Дорога, если это раскисшее месиво можно было назвать дорогой, представляла собой колею, размытую талыми водами и разбитую тысячами копыт и колёс. Холодная, жирная грязь, перемешанная с конским навозом и тающим снегом, хлюпала между пальцами ног, забивалась под ногти, облепляла ступни и лодыжки тяжёлой, ледяной коркой. Босые ноги, не знавшие ничего твёрже ворсистых дворцовых ковров, поначалу кричали от боли. Каждый острый камень, каждая замёрзшая за ночь кочка, каждая колючая ветка, скрытая в грязи, впивались в нежную кожу, оставляя царапины, ссадины, кровоточащие ранки. Но я не чувствовал боли.
Точнее, я её чувствовал – мозг исправно фиксировал каждый болевой сигнал, классифицировал его по интенсивности и локации, но тут же изолировал, блокировал, отодвигал на самую дальнюю периферию сознания, как нечто неважное, как фоновый шум, не имеющий значения. Я помнил, как это делают. Помнил жизнь индийского факира, что годами спал на доске с гвоздями, превратив боль в медитацию. Помнил жизнь солдата Первой мировой, что с простреленной ногой полз к своим три версты по мёрзлой Прибалтийской земле, напевая песню, потому что единственной альтернативой было умереть. Боль была лишь информацией. Не более того.

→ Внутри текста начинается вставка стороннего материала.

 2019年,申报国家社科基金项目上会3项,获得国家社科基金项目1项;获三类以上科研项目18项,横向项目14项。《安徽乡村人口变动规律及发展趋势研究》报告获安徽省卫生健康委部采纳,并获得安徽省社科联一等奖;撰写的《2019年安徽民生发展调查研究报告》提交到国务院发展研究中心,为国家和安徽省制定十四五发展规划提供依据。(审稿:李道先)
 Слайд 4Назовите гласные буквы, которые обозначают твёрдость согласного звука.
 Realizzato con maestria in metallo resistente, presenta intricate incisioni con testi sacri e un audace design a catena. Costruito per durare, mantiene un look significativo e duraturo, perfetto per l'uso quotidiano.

Тело, теперь уже послушное и полностью подчинённое, само находило верный путь. Глаза сканировали дорогу на сотню шагов вперёд, выбирая, куда поставить ногу в следующий момент – на этот островок подмерзшей травы, на тот плоский, чуть выступающий из грязи камень, обойти эту глубокую, затянутую мутным ледком лужу слева. Ноги исполняли приказ с безошибочной точностью и грацией животного. Я двигался не по прямой, а сложной, ломаной траекторией, танцуя между ямами и кочками, сохраняя при этом темп и ритм.

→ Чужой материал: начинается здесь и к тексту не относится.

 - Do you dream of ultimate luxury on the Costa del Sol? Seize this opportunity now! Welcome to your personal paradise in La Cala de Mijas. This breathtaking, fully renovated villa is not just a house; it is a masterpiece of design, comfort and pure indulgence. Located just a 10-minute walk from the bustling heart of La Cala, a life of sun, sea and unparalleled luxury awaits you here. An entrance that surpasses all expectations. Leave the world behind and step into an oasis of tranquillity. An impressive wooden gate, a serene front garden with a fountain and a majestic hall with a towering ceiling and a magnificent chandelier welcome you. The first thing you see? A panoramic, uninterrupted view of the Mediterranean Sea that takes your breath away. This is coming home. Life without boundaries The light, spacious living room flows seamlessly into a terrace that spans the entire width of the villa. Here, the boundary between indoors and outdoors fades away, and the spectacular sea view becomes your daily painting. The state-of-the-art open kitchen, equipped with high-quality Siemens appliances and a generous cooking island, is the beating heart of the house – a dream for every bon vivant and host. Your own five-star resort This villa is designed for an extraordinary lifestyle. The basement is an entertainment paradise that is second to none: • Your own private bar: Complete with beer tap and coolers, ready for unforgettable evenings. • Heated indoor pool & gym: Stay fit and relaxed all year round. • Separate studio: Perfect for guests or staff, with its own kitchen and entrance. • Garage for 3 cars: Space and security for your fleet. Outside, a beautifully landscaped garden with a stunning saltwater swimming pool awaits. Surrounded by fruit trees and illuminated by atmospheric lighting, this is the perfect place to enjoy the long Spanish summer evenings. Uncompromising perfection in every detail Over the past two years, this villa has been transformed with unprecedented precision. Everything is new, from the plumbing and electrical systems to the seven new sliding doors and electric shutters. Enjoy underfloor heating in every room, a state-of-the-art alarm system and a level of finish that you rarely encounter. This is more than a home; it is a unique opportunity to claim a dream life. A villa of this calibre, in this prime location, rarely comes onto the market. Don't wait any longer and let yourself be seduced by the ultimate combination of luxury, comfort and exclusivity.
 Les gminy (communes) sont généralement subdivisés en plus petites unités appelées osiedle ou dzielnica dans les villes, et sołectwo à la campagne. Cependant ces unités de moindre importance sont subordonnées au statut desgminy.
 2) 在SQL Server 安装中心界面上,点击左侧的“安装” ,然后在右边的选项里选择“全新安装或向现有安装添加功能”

Мир вокруг проплывал мимо, смазанный скоростью, но чётко фиксируемый сознанием. Редкие, почерневшие от сырости перелески с голыми, унизанными каплями ветвями. Упирающиеся в бескрайние леса поля, ещё покрытые грязным, ноздреватым, как губка, снегом, из-под которого пробивались уродливые чёрные проталины с прошлогодней стернёй. Деревушки – несколько кривых, вросших в землю изб, из щелей которых тянулся жиденький, сизый дымок, пахнущий сырыми дровами и нищетой. Здоровенные псы, с хриплым, злобным лаем выбегавшие из-под ворот, но, подбежав ближе, они осекались, трусливо поджимали хвосты и прятались обратно, инстинктивно чуя в моей бегущей фигурке нечто чужое, неправильное, опасное.
Люди – редкие мужики в рваных армяках, что-то чинившие у своих изб, или бабы, тащившие воду на коромыслах от проруби, – замирали, как вкопанные, провожая меня долгими, недоуменными, испуганными взглядами. Никто не кричал, никто не пытался меня остановить. Они видели не просто бегущего босого мальчика в исподнем. Их первобытное чутьё видело нечто, чего они не могли понять, а то, чего не понимаешь, на Руси испокон веков принято бояться и обходить стороной.

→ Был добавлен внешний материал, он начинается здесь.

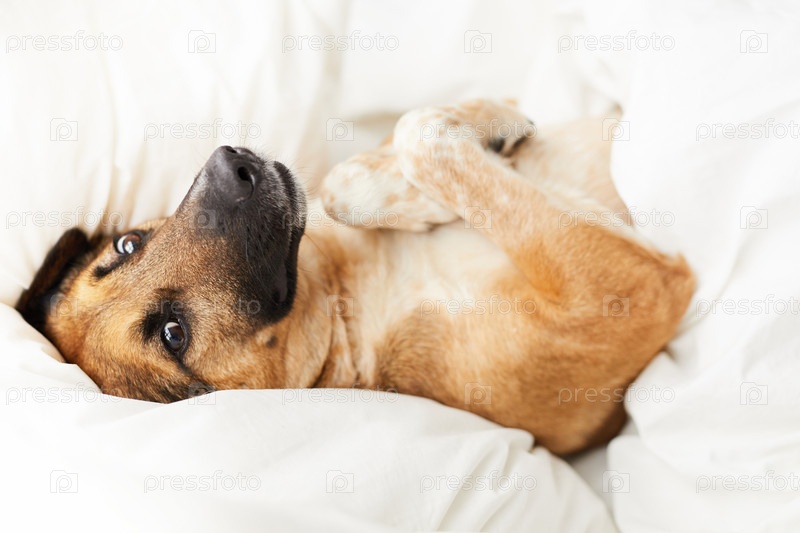 Собака, лежащая в удобной кровати
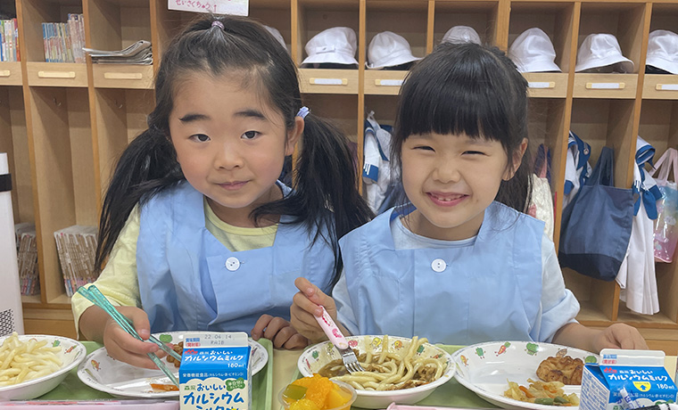 週4日実施している給食は、行事食や季節の食材を取り入れた献立(アレルギー対応可)で、厳選された素材を使用し、学園内で手作りしています。
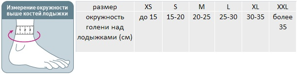 Для правильного выбора подходящего размера голеностопного бандажа Orlett MAN-101 необходимо сантиметровой лентой измерить окружность голени над лодыжкой. Далее воспользоваться размерной таблицей:
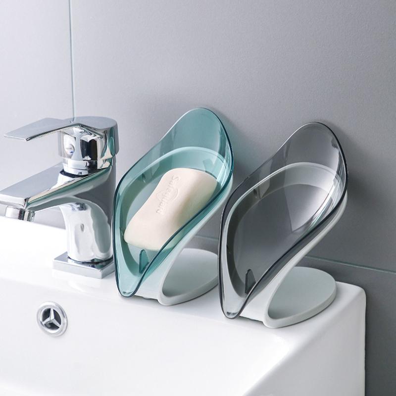 Bathroom Soap Holder Leaf Shape Dish Soap Kitchen Sponge Soap Box Storage Non-slip Drain Soap Case Container Bathroom Accessorie
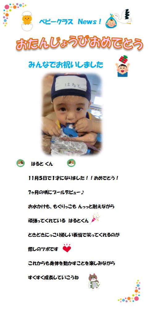♪ベビークラス News♪ お誕生日お祝いしました!! ‘はるとくん’
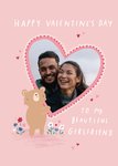 Front of card: A warm and adoring Valentine's Day card featuring a hand-drawn Illustration of a cute bear. There is a photo upload area inside a heart-shaped frame in the centre of the design, the bear appears to be holding up the frame. There are also little love hearts in the background.
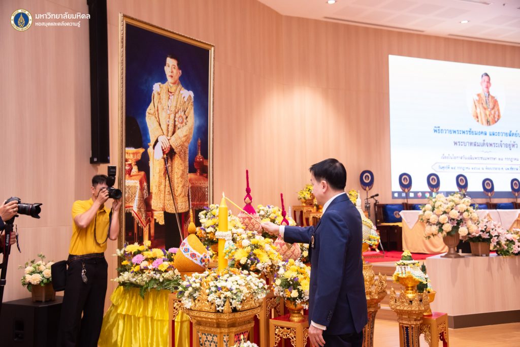 มหาวิทยาลัยมหิดล จัดกิจกรรมเฉลิมพระเกียรติ พระบาทสมเด็จพระเจ้าอยู่หัว เนื่องในโอกาสมหามงคลเฉลิมพระชนมพรรษา ครบ 73 พรรษา (28 กรกฎาคม พ.ศ. 2568) โดยมีศาสตราจารย์ นายแพทย์ปิยะมิตร ศรีธรา อธิการบดีมหาวิทยาลัยมหิดล เป็นประธานในพิธีทำบุญตักบาตรถวายเป็นพระราชกุศล พระภิกษุสงฆ์และสามเณร จำนวน 30 รูป จากนั้นเป็นพิธีบำเพ็ญกุศลถวายเป็นพระราชกุศล พิธีถวายพระพรชัยมงคล และถวายสัตย์ปฏิญาณ เพื่อเป็นการแสดงความจงรักภักดี และสำนึกในพระมหากรุณาธิคุณแด่พระบาทสมเด็จพระเจ้าอยู่หัว ในโอกาสนี้ หอสมุดและคลังความรู้มหาวิทยาลัยมหิดล นำโดยคุณอังคณา อินทรพาณิชย์ รองผู้อำนวยการฝ่ายบริหารและพัฒนาคุณภาพ อาจารย์ ดร.เอกชัย วารินศิริรักษ์ รองผู้อำนวยการฝ่ายนวัตกรรมบริการห้องสมุด พร้อมด้วยบุคลากรหอสมุดและคลังความรู้ฯ ร่วมพิธีในครั้งนี้ ในวันศุกร์ที่ 25 กรกฎาคม พ.ศ. 2568 ณ สำนักงานอธิการบดี มหาวิทยาลัยมหิดล ศาลายา

Через несколько часов непрерывного бега я догнал свой собственный слух. Сначала едва различимый, как гудение далёкого шмеля, потом всё более отчётливый, нарастающий гул, который я слышал ещё в Москве, превратился в оглушительный, всепоглощающий грохот. Этот звук вибрировал в земле, отдавался в костях. Я понял, что приближаюсь к первой серьёзной преграде. К реке.
Клязьма. Широкая, полноводная, взбесившаяся от весеннего паводка. Она неслась с востока на запад, перегородив мне путь, как неприступная, вечно движущаяся крепостная стена. Я остановился на высоком, обрывистом берегу, под которым кипела, ревела и скрежетала стихия. Зрелище было одновременно величественным и ужасающим.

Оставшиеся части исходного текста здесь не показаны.